--- Record extracts Enclosed Below ---

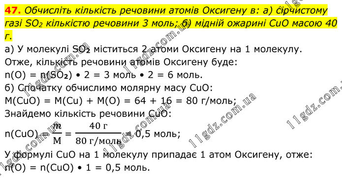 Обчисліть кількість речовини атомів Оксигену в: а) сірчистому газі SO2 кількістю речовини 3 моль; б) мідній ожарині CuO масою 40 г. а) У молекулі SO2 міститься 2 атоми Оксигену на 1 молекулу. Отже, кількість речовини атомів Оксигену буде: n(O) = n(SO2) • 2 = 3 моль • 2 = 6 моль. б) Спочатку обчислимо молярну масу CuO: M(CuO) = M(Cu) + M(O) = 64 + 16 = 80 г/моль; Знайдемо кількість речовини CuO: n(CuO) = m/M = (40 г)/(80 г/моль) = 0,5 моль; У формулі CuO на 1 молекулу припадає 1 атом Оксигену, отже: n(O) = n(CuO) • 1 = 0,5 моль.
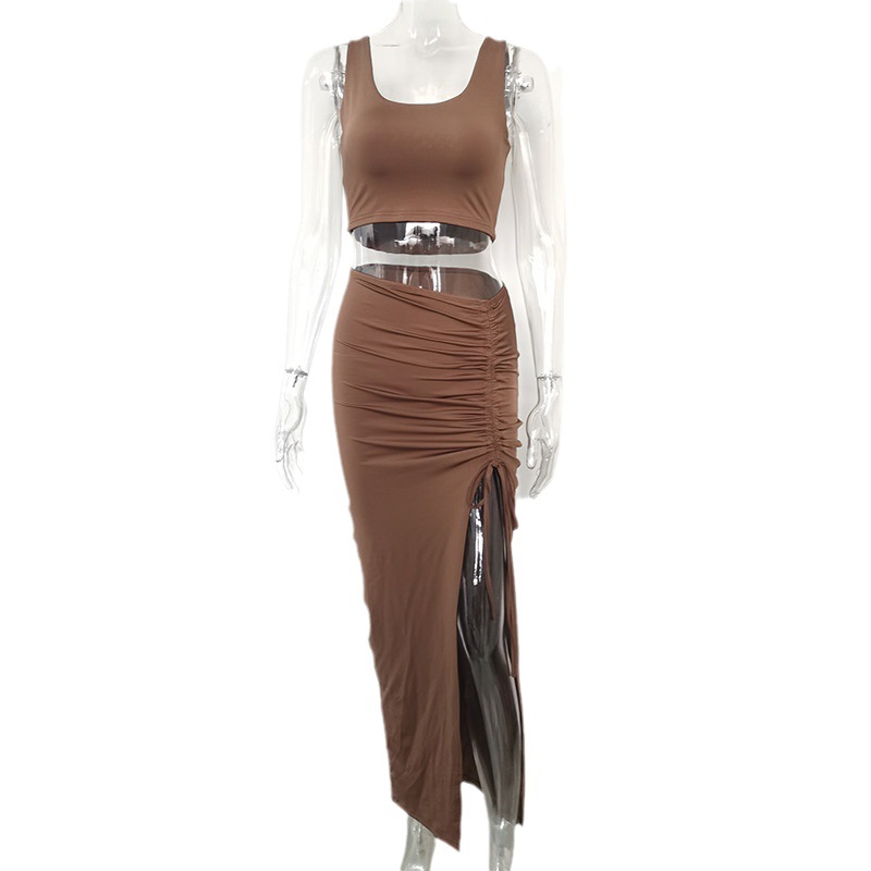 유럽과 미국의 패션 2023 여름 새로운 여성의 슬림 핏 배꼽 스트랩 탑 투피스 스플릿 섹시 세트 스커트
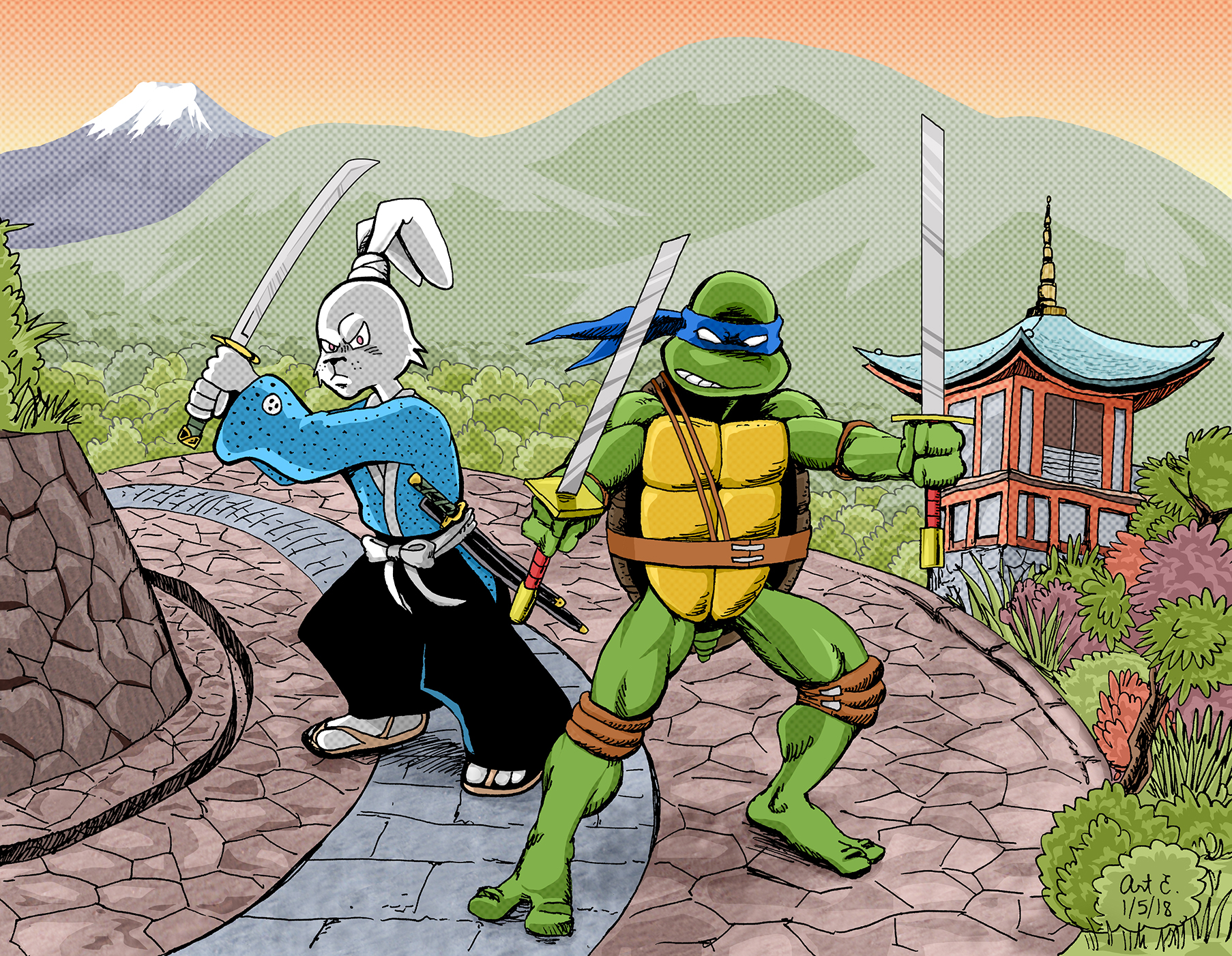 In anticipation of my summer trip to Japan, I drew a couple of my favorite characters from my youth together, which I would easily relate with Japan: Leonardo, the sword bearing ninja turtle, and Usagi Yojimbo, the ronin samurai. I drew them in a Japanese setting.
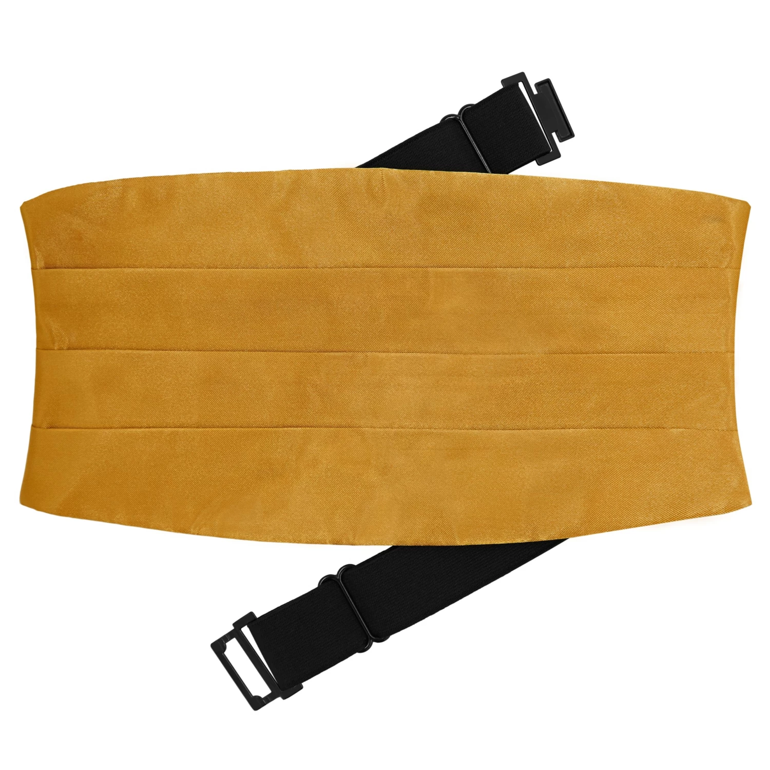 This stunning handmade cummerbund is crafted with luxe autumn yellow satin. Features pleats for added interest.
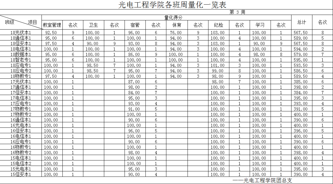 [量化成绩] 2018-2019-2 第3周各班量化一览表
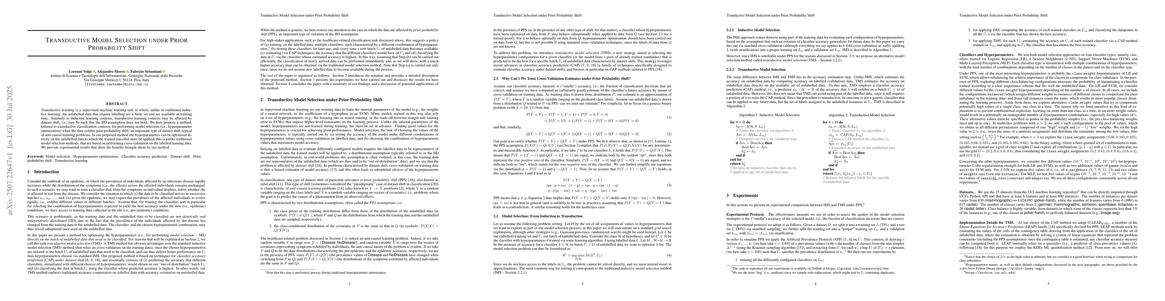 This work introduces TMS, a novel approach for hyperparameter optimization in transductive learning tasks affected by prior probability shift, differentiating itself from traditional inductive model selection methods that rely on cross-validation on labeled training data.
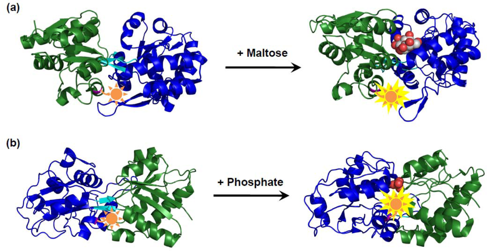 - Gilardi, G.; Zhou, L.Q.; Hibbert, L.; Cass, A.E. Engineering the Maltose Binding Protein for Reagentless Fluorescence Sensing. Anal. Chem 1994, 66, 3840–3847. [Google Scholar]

--- End of Enclosed Record extracts ---
--- Record extracts Enclosed Below ---

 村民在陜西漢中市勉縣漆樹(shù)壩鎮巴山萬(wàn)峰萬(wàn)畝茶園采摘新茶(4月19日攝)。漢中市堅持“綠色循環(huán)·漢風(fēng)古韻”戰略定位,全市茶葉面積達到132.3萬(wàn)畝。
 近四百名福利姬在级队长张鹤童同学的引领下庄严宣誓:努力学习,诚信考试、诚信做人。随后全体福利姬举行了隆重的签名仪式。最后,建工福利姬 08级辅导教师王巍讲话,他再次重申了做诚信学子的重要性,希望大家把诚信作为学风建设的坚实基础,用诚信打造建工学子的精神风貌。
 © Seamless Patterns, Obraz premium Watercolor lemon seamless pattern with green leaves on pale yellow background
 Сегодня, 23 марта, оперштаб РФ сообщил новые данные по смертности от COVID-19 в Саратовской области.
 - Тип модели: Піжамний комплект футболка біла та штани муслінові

--- End of Enclosed Record extracts ---

## Work to complete
Keep to the lines above from the line with "유럽과 미국의 패션 2023" to the line with "- Gilardi, G.;", and set down exactly those, inclusive, with nothing else and every picture left out.

## Output of the exercise
 유럽과 미국의 패션 2023 여름 새로운 여성의 슬림 핏 배꼽 스트랩 탑 투피스 스플릿 섹시 세트 스커트
 In anticipation of my summer trip to Japan, I drew a couple of my favorite characters from my youth together, which I would easily relate with Japan: Leonardo, the sword bearing ninja turtle, and Usagi Yojimbo, the ronin samurai. I drew them in a Japanese setting.
 This stunning handmade cummerbund is crafted with luxe autumn yellow satin. Features pleats for added interest.
 [量化成绩] 2018-2019-2 第3周各班量化一览表
 This work introduces TMS, a novel approach for hyperparameter optimization in transductive learning tasks affected by prior probability shift, differentiating itself from traditional inductive model selection methods that rely on cross-validation on labeled training data.
 - Gilardi, G.; Zhou, L.Q.; Hibbert, L.; Cass, A.E. Engineering the Maltose Binding Protein for Reagentless Fluorescence Sensing. Anal. Chem 1994, 66, 3840–3847. [Google Scholar]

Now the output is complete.